A team of researchers has developed a generative AI model called Fugatto that is set to transform the audio landscape, offering users unparalleled control over sound creation and manipulation.

Fugatto is a versatile tool that allows users to generate or modify any combination of music, voices and sounds using simple text prompts and audio files.

Its capabilities extend far beyond traditional AI sound models. Users can now create music snippets from text descriptions, add or remove instruments from existing songs, alter voice accents and emotions, and even produce entirely new, never-before-heard sounds.
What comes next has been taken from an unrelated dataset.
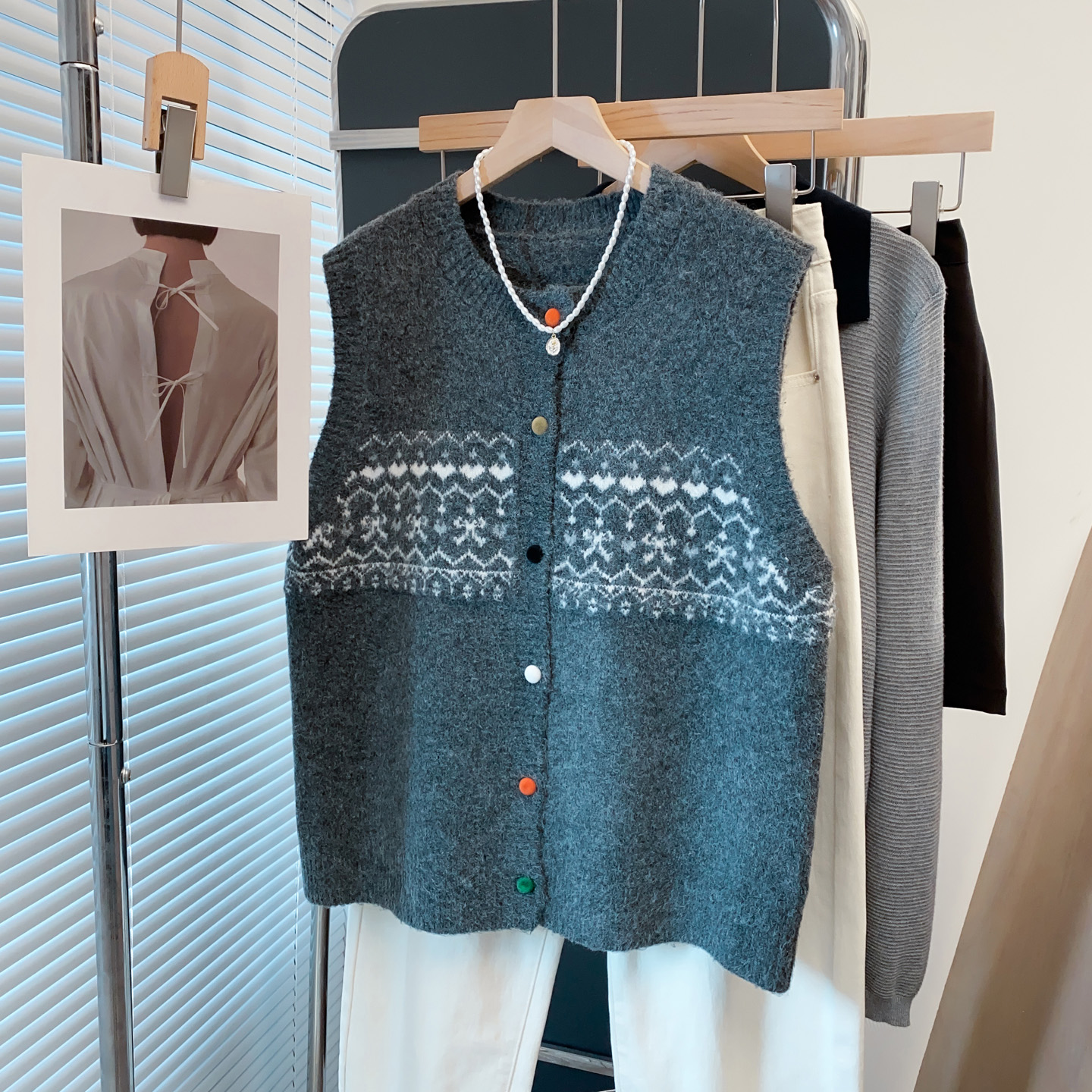 开衫 2025新款 提花针织马甲女秋冬圆领叠穿坎肩洋气复古休闲无袖

The model’s flexibility opens up a world of possibilities for various industries. Music producers can quickly prototype ideas, experimenting with different styles, voices and instruments. Advertising agencies can easily adapt campaigns for multiple regions by applying different accents and emotions to voiceovers. Language learning tools can be personalised with familiar voices, while video game developers can create dynamic audio assets that respond to in-game actions.

Perhaps one of Fugatto’s most innovative features is its ability to generate unique sounds, akin to the “avocado chair” concept in visual AI. Users can describe and create unconventional audio combinations, such as a trumpet barking or a saxophone meowing. The model also demonstrates emergent properties, showcasing capabilities that arise from the interaction of its various trained abilities.

Fugatto’s user-friendly interface allows for fine-tuned control over audio attributes. The ComposableART technique lets users combine instructions in novel ways, while temporal interpolation allows for the creation of evolving soundscapes. These features provide users with an unprecedented level of artistic control over their audio creations.

“We wanted to create a model that understands and generates sound like humans do. Fugatto is our first step toward a future where unsupervised multi-task learning in audio synthesis and transformation emerges from data and model scale,” said Rafael Valle, Manager of Applied Audio Research at NVIDIA and one of the dozen-plus people, including an orchestral conductor and composer, behind Fugatto.